A case in which the US Supreme Court established the Imminent Lawless Action standard. The Supreme Court overturned KKK leader, Clarence Brandenburg's conviction of one to ten years in prison and a fine of $1000 sentenced by the Court of Common Pleas of Hamilton County. The Court ruled that hate speech is protected under First Amendment rights as long as it does not incite violence. This ruling established the modern doctrine of clear and present danger which determines what limits may be placed on First Amendment freedoms. Only speech that directly incites lawless action may be restricted.

==Intellectual freedom and librarianship==

The profession of librarianship views intellectual freedom as a core responsibility. The International Federation of Library Associations and Institutions' (IFLA) Statement on Libraries and Intellectual Freedom "calls upon libraries and library staff to adhere to the principles of intellectual freedom, uninhibited access to information and freedom of expression and to recognize the privacy of library user." IFLA urges its members to actively promote the acceptance and realization of intellectual freedom principles. IFLA states: "The right to know is a requirement for freedom of thought and conscience; freedom of thought and freedom of expression are necessary conditions for freedom of access to information."
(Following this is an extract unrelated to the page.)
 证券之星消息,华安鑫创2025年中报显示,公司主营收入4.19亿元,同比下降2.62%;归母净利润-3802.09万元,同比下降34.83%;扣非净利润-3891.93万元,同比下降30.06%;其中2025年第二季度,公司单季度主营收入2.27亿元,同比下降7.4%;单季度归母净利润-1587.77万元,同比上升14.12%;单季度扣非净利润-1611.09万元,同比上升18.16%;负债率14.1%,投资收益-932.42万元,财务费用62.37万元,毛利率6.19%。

Individual national library associations expand upon these principles when defining intellectual freedom for their constituents. For example, the American Library Association defines intellectual freedom as: "[T]he right of every individual to both seek and receive information from all points of view without restriction. It provides for free access to all expressions of ideas through which any and all sides of a question, cause or movement may be explored. .... Intellectual freedom encompasses the freedom to hold, receive and disseminate ideas."

The Canadian Library Association's Position Statement on Intellectual Freedom states that all persons possess "the fundamental right ... to have access to all expressions of knowledge, creativity and intellectual activity, and to express their thoughts publicly." This right was enshrined into law in 2004 in British Columbia, which grants protection against litigation for libraries for their holdings.
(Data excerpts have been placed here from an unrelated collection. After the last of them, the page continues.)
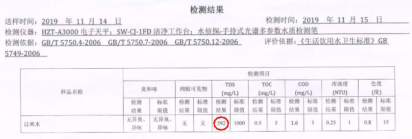 我司對喀什的自來水抽樣檢測,初步檢測結果如下: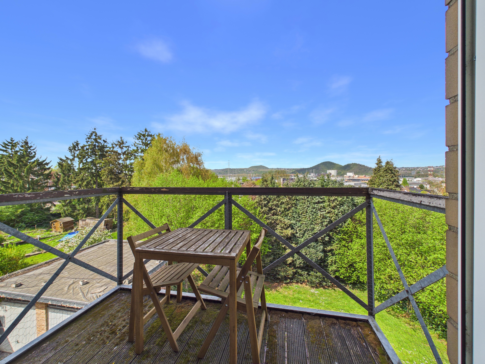 À l’extérieur, vous profiterez d’un petit balcon avec une vue dégagée, parfait pour vos moments de détente.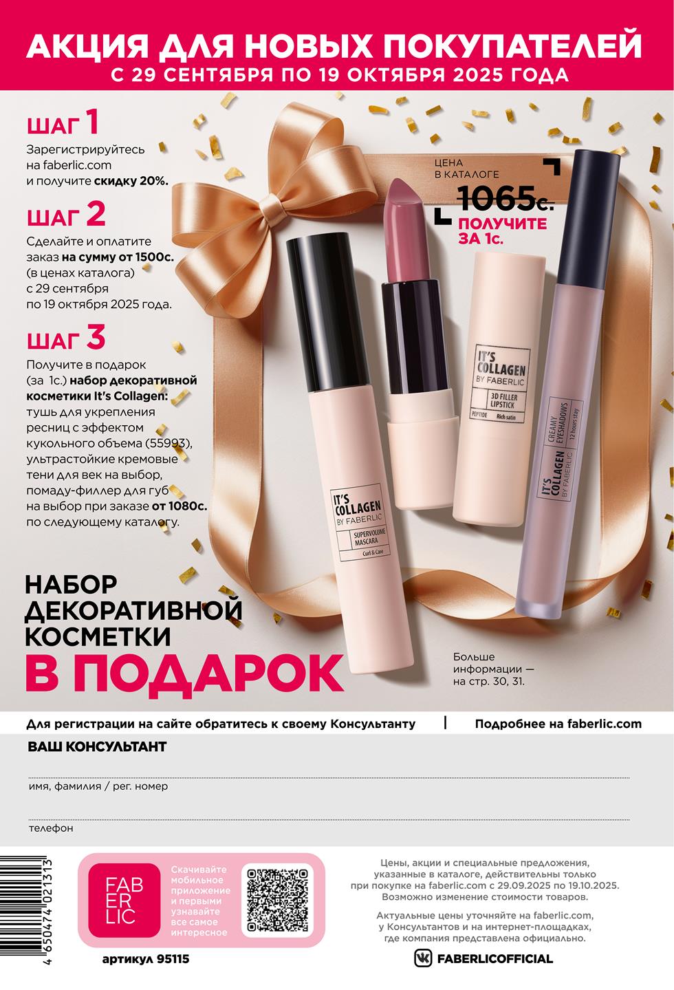 Всем, кто зарегистрируется в Faberlic с 29 сентября по 19 октября 2025 года и совершит покупку в периоде №15/2025, дарим набор декоративной косметики при заказе по следующему каталогу с 20 октября по 9 ноября 2025 года.

Many other national library associations have similarly adopted statements on intellectual freedom.

The ALA's Office for Intellectual Freedom organizes the relationship between librarianship and intellectual freedom into five distinct categories:
- The library user's access to information through a library collection
- The librarian's professional responsibilities to select a diverse collection of library materials for users and protect library users' confidentiality and rights to privacy in their use of library materials
- The librarian's personal rights to free expression and choices of lifestyle and public participation without professional repercussion
- The library's institutional role as an agent of social change, democracy, and education
- The issue of advocacy v. neutrality for libraries and librarians
Libraries protect, defend, and advocate for intellectual freedom through a variety of organizations and resources.
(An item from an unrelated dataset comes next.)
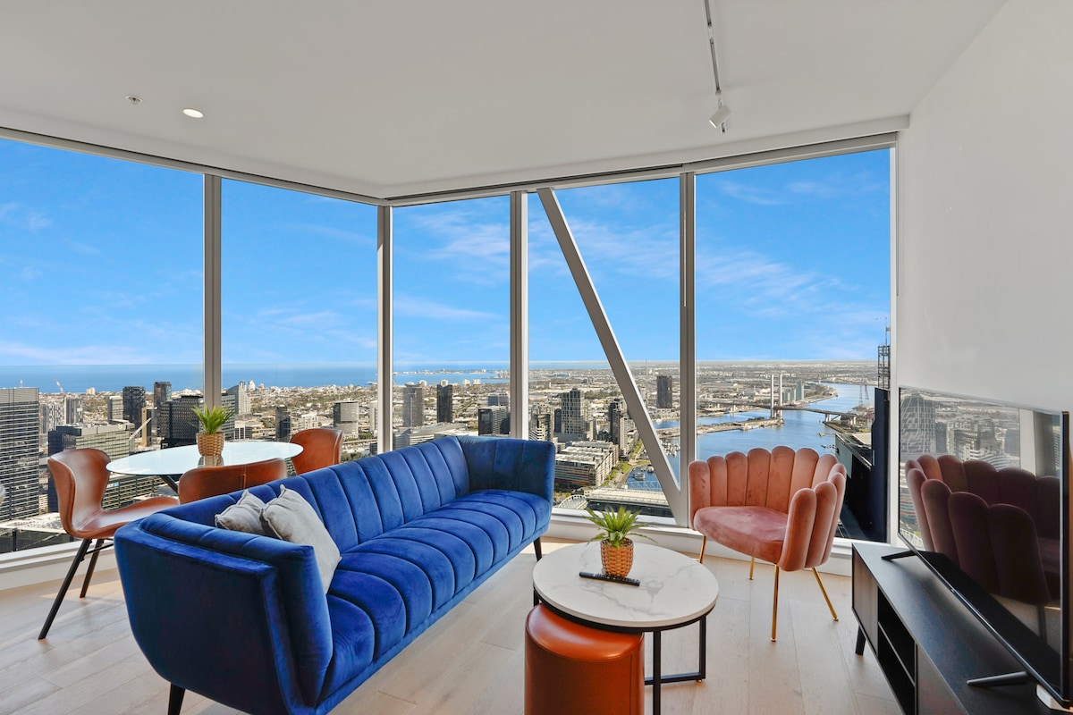 Suite ar an urlár uachtair de choimpléasc árasán is fearr in Melbourne, tá radhairc lánléargais gan bhriseadh ag an árasán dea - dheartha seo a chuimsíonn ón aigéan go dtí na Dugthailte áille. Le fuinneoga ón urlár go dtí an tsíleáil sa seomra leapa, beidh tú ag dúiseacht ar cheann de na radhairc is fearr in Melbourne. Suite in áit áisiúil, tá an t - árasán seo achar siúlóide 3 nóiméad chuig príomhstáisiún traenach Melbourne, Stáisiún Croise an Deiscirt, mar aon le seirbhísí miondíola agus riachtanais siopadóireachta grósaera.

===Intellectual Freedom Committee===
The Intellectual Freedom Committee (IFC) is a council committee of the American Library Association (ALA), composed of 11 ALA members who are appointed by ALA's Council to serve 2-year terms. The Intellectual Freedom Committee functions as an advisory and educational arm of the ALA's commitment to intellectual freedom. The IFC recommends policies concerning intellectual freedom and censorship, drafts guidelines for library professionals to advocate and defend intellectual freedom including The Universal Right to Free Expression and Importance of Education to Intellectual Freedom, and drafts policy statements adopted by the ALA including several interpretation statements on the Library Bill of Rights such as:
- Access to Electronic Information, Services, and Networks
- Access to Library Resources and Services Regardless of Gender or Sexual Orientation
- Free Access to Libraries for Minors
- Prisoners' Right to Read
- Statement on Library Use of Filtering Software
The IFC drafts and submits statements to the ALA as part of the committee's charge to "recommend such steps as may be necessary to safeguard the rights of library users, libraries, and librarians, in accordance with the first amendment to the united states constitution and the Library Bill of Rights as adopted by the ALA Council [and] work closely with the Office for Intellectual Freedom and with other units and officers of the association in matters touching intellectual freedom and censorship."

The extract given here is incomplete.